In another scene, Jay goes to dinner with an old theatre school friend who seems overjoyed to reconnect. The friend (played by Billy Crudup) is full of warmth and the sort of genuineness that Jay is missing in his sanitised Los Angeles world. But partway through their happy reunion, Crudup’s character undergoes an instantaneous personality transplant and reveals that he despises Jay for supposedly stealing his acting career.
They have an actual fistfight in the car park, which leaves Jay with a black eye. Later, there is an extended sequence on a train that is so contrived that it feels almost unkind to watch it. Something went terribly wrong with this film, and if the creators aren’t embarrassed by it, that’s a humiliation in itself.
Compare these woefully exaggerated, soulless setpieces with any conversation in Sentimental Value, a film which is both generous of spirit towards its characters and unflinching in its portrayal of their weaknesses. There is one scene between Gustav’s two daughters, Nora and Agnes (played by Renate Reinsve and Inga Ibsdotter Lilleaas, respectively), that is so delicate and moving that you might find yourself weeping quietly so as not to disturb it. It’s a film that conjures deep emotion with exquisite subtlety, a movie that evokes copious tears without being a tearjerker.

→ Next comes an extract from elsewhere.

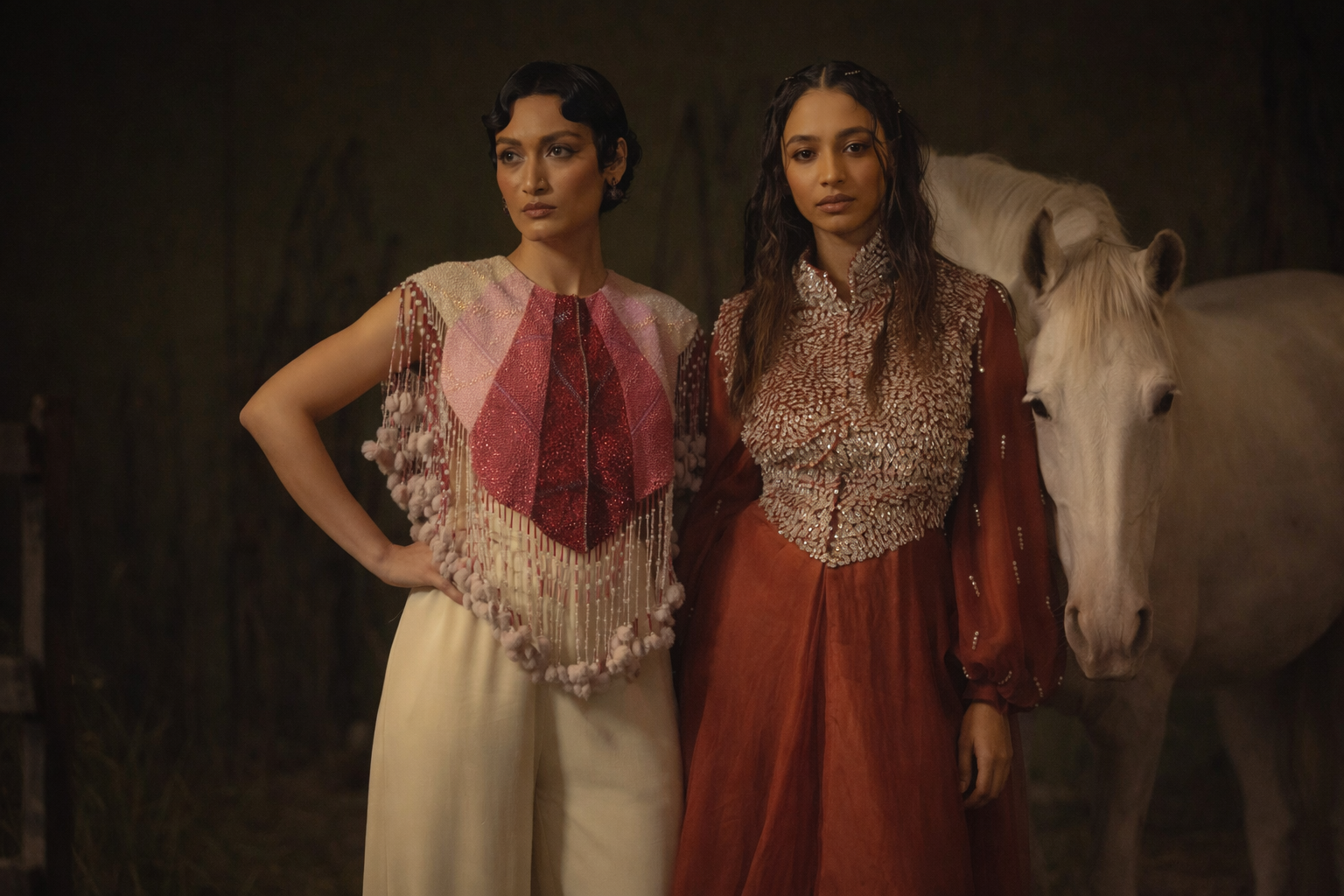 Wild Cheval is an ode to inner strength and quiet freedom. Inspired by the silent power shared by women and horses, the collection blends earthy tones, fluid silhouettes, and organic details to express a balance of softness and strength.

Baumbach has the ability to make movies that cut right to the heart of things, too. 2019’s Marriage Story is an almost unbearably intimate portrait of a dissolving relationship that earned near-universal acclaim. But Jay Kelly is the worst-case scenario of filmmakers making movies about filmmaking. It is so hackneyed and self-indulgent that it doesn’t just make you question whether Baumbach has ever been to Hollywood, but whether he has ever actually met a human being.

This was supposed to be an acting showcase for Clooney. Before it was released, the word ‘Oscar’ was even bandied about in some circles. But he should have just stuck with semi-retirement. At the end of the movie, Jay Kelly (whose name, let’s remember, rhymes neatly with the actor who portrays him) watches a highlight reel of his career, which is just a highlight reel of Clooney’s career. Drowning in the backwash of the previous two hours, this scene miraculously rewrites history, making you question whether Clooney is actually a movie star with a respectable filmography that justifies his stature in the industry.

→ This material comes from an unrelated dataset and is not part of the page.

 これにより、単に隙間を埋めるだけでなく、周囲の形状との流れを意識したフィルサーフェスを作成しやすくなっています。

There is no shame in making a bad movie for the sake of a good vacation. Michael Caine made The Marseille Contract without reading the script because he wanted to take his daughter to the South of France for the winter. Adam Sandler has said that he’s been picking films based on their vacation potential since 50 First Dates, more than two decades ago.
He clearly agreed to be in Jay Kelly for the same reason. It takes place in Tuscany and Los Angeles and is packed to the gills with Baumbach’s famous friends. They must have been laughing all the way to the bank by way of a few sun-drenched vineyards. But if you’re going to be shamelessly transactional, don’t pretend it’s a serious project.
To hear the director talk about it, this is a film about memory, mortality, and Clooney’s superhuman ability to play a character who is absolutely not at all like himself (he seems particularly adamant about that last point). In the end, however, it’s a vacuous con that either reveals the cluelessness of the people behind it or betrays their disdain for their audience. Luckily, the audience got the last laugh.
The fact that this came out the same year as Sentimental Value seems like a cosmic joke at Baumbach’s expense.